> **AIM OF THE EXERCISE**: When you write out the listing, keep each word exactly as it stands but include none of its images.

> **INPUT DATA**:
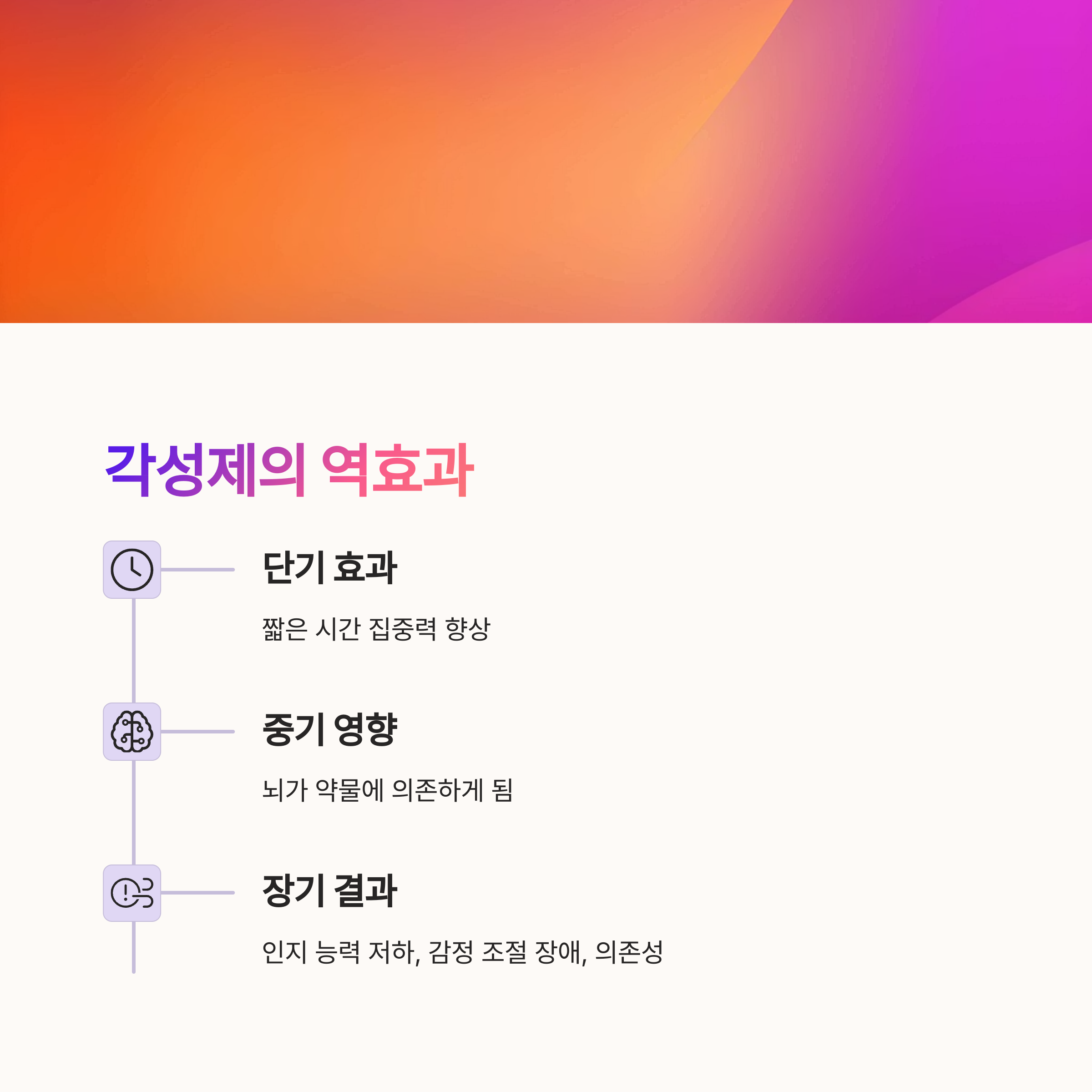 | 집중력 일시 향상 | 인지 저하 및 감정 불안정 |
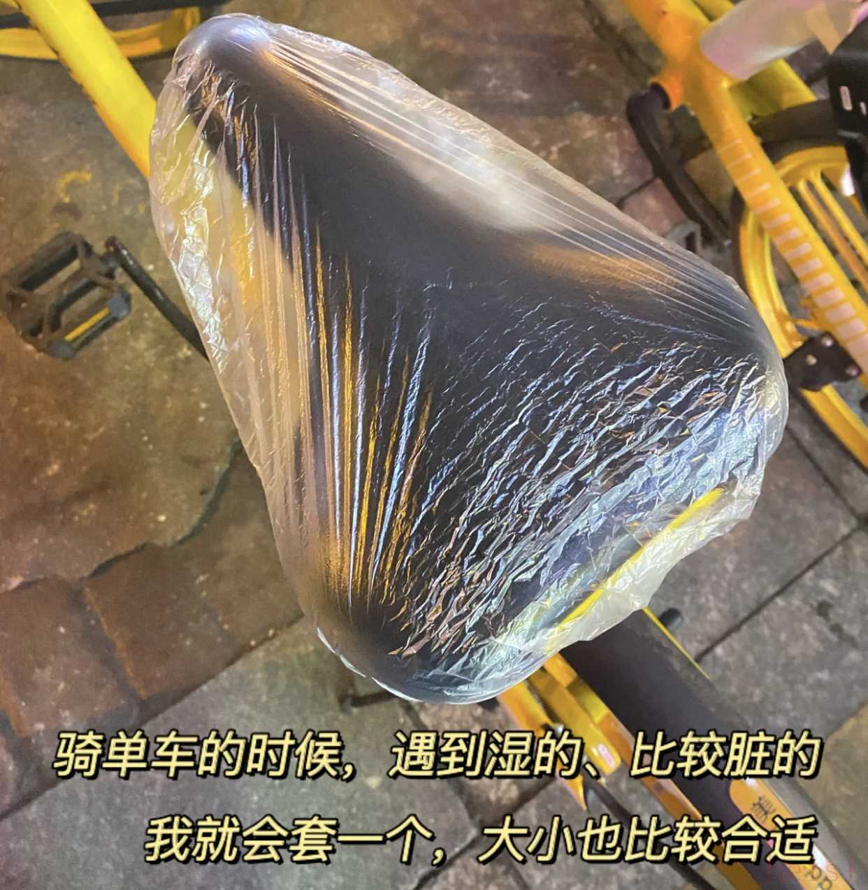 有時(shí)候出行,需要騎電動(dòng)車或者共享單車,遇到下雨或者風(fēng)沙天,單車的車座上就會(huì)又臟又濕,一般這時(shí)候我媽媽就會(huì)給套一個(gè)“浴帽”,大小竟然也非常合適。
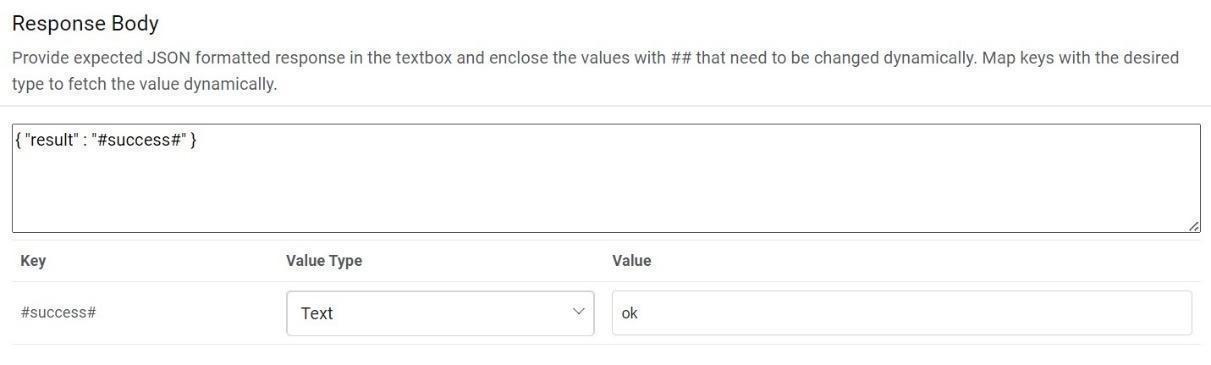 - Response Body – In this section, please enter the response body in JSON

> **OUTPUT BELOW**:
 | 집중력 일시 향상 | 인지 저하 및 감정 불안정 |
 有時(shí)候出行,需要騎電動(dòng)車或者共享單車,遇到下雨或者風(fēng)沙天,單車的車座上就會(huì)又臟又濕,一般這時(shí)候我媽媽就會(huì)給套一個(gè)“浴帽”,大小竟然也非常合適。
 - Response Body – In this section, please enter the response body in JSON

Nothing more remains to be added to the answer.